In 1994, Norway launched Reform94 to give teenage students more control of their learning. The policy focused on regularly giving students more choice and responsibility to work with teachers in designing their learning activities.

However, national evaluations found stronger students possessed sufficient self-motivation to learn by themselves. Most other students did not. The policy’s good intent failed to be realised.

The students had become reliant on teachers deciding what and how to teach.

When online learning surged due to COVID-19, we recognise a similar pattern of students becoming even more isolated and left without guidance.

Even Norway – often regarded as having one of the best education outputs – still faced challenges of knowledge loss and lack of student engagement with repeated waves of local and regional online schooling.

So, in a world where teachers and students grow increasingly distant, how do we get students to take charge of their learning?

Designing an online-first environment

The pandemic has taught us the importance of digital learning environments that are well designed to retain students’ attention. Students won’t bother to actively learn on their own if they’ve already lost interest in the first place.

This requires shorter periods of teaching, combined with similarly shorter periods of practical learning and feedback activities.

The pandemic has taught us the importance of digital learning environments that are well designed to retain students’ attention. (Pexels/Katerina Holmes), CC BY

For some teachers, this might mean breaking up sessions that usually last for hours into 30-minute bursts of lessons and activities across a week of learning. This way, students get to engage with digital learning resources to learn about DNA, for instance, at their own pace throughout that week.

Practices like these have been long employed in New Zealand’s largest school, called Te Kura, and are cornerstones of a well-designed online learning environment.

Te Kura was founded in 1922. In these pre-digital times, teaching resources and assignments were sent to and returned by students via mail for grading and feedback.

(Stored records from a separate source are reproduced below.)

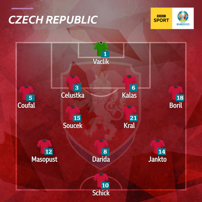 捷克首发:瓦茨利克、切卢斯特卡、曹法尔、卡拉斯、达里达、希克、卢卡什·马索普斯特、扬克托、绍切克、博日尔、卡拉尔。
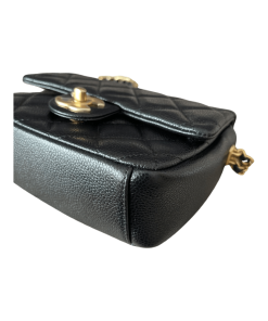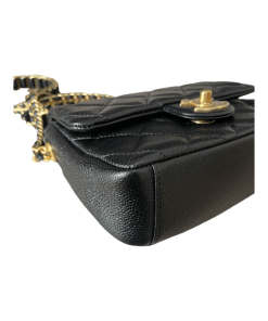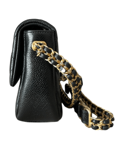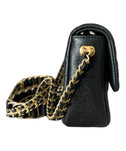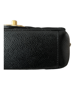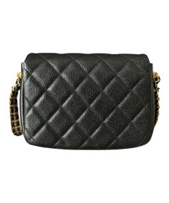 NewThis Chanel bag is in diamond quilted caviar leather in black. The bag featured a gold chain link shoulder strap threaded with leather and a front gold Chanel CC turn lock.
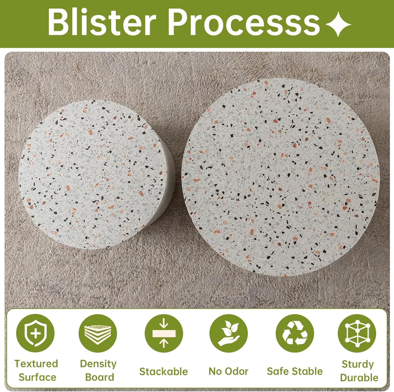 - [Timeless Aesthetic, Effortless Elegance] Designed with a sleek round silhouette and a chic beige textured finish, this nesting table set complements modern, industrial, farmhouse, and luxury interiors alike. Round coffee table set of 2 a statement piece that always feels right at home!
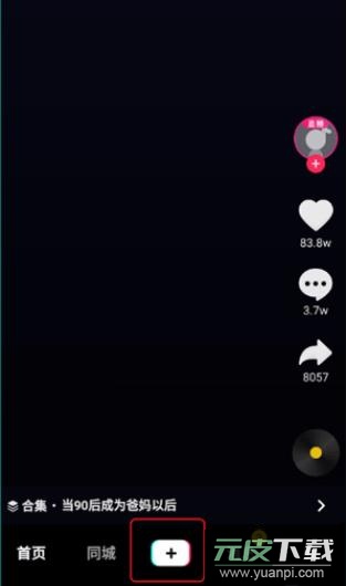 1、打开抖音极速版官方免费版,点击首页下方的“+”号,进入拍摄页面;
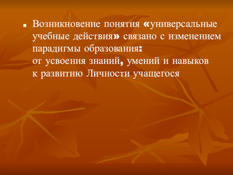 Слайд 4Возникновение понятия «универсальные учебные действия» связано с изменением парадигмы образования:
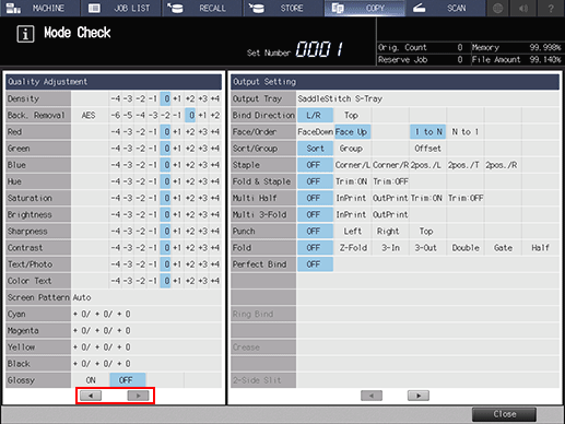 The current settings of [Output Setting] and [Application] are displayed in the right side area of the [Mode Check] screen. To switch the display, press [
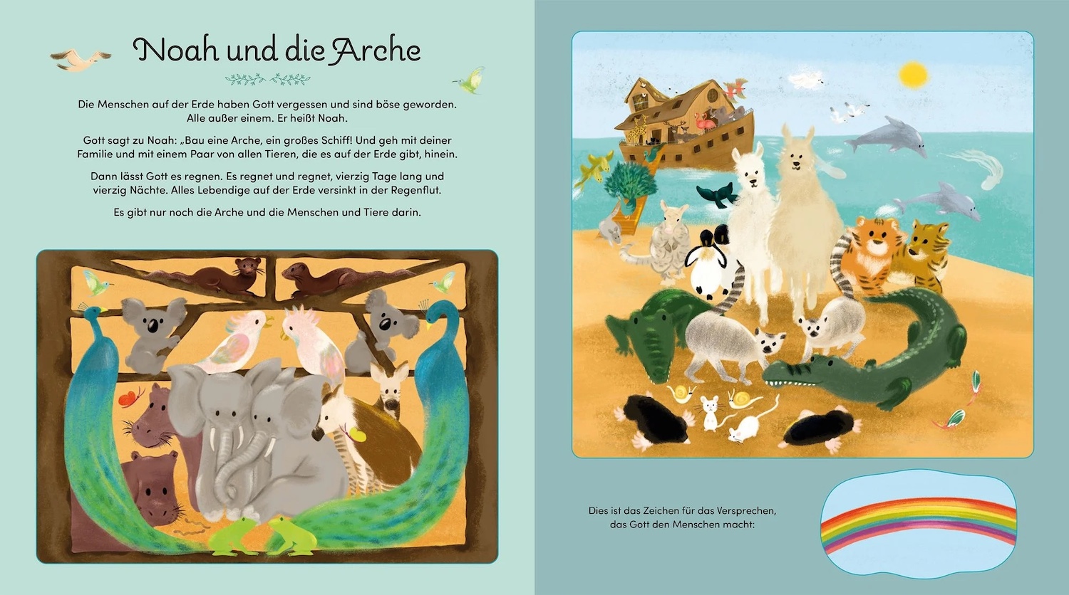 Die biblischen Erzählungen von der Schöpfung, Gottes Versprechen an Abraham, Jesu Geburt, seine Wunder sowie sein Tod am Kreuz und viele weitere können mit „Meine große Bibel“ auf eine aufregende Art und Weise gemeinsam erlebt werden. Die Dreh-, Klapp, Popup- und Ziehelemente sind der ganz besondere Clou dieser liebevoll nacherzählten und farbenfroh illustrierten Kinderbibel. Sie ist ein Bibelbuch voller Überraschungen!
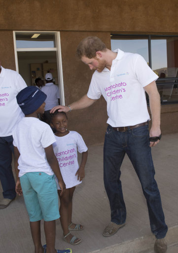 Prince Harry with youngsters during the opening of the Sentebale Mamohato children’s centre in Thaba Bosiu, Lesotho.
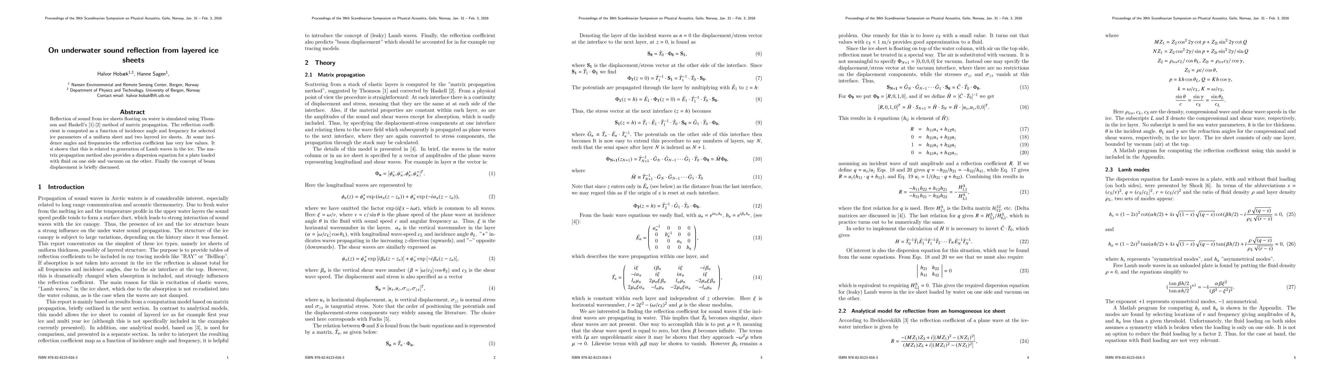 Reflection of sound from ice sheets floating on water is simulated using Thomson and Haskell's method of matrix propagation. The reflection coefficient is computed as a function of incidence angle and frequency for selected ice parameters of a uniform sheet and two layered ice sheets. At some incidence angles and frequencies the reflection coefficient has very low values. It is shown that this is related to generation of Lamb waves in the ice. The matrix propagation method also provides a dispersion equation for a plate loaded with fluid on one side and vacuum on the other. Finally the concept of beam displacement is briefly discussed.

This means that, long before the pandemic, Te Kura had adopted teaching models varying from fully online to face-to-face sessions when required or possible. The learning resources and platform were tried and tested – teachers already knew how to manage the difficult task of engaging students when COVID hit and, with the flick of a switch, they moved fully online.

Connectivism – the clue is in front of us

Moving forward, however, helping students become “digitally connected” to each other and the world around them will be most essential as they take charge of their own learning.

Education psychologist George Siemens explains this best through his theory of connectivism. It’s a concept of learning that involves many at-times-overlapping networks of digital sources for learning and assessment.

This is basically a fancy way of saying that, in an increasingly online world, we learn best through spontaneous and enjoyable acts of reading and consuming information. We could be glancing at news articles, watching TED Talks in our free time, reading e-books on a variety of topics, or even catching up with a colleague or fellow student over Zoom – sources of expertise that have already been accumulated by other people for years.

As these sources offer the opportunity of “any time, any place” learning and teaching, they are ideal teaching methods for any digital learning environment.

It is not enough for Indonesia’s Freedom to Learn movement to merely give room for students to shape their own education. Schools and teachers must also design digital learning environments that are actually able to retain their attention, motivation and drive to learn.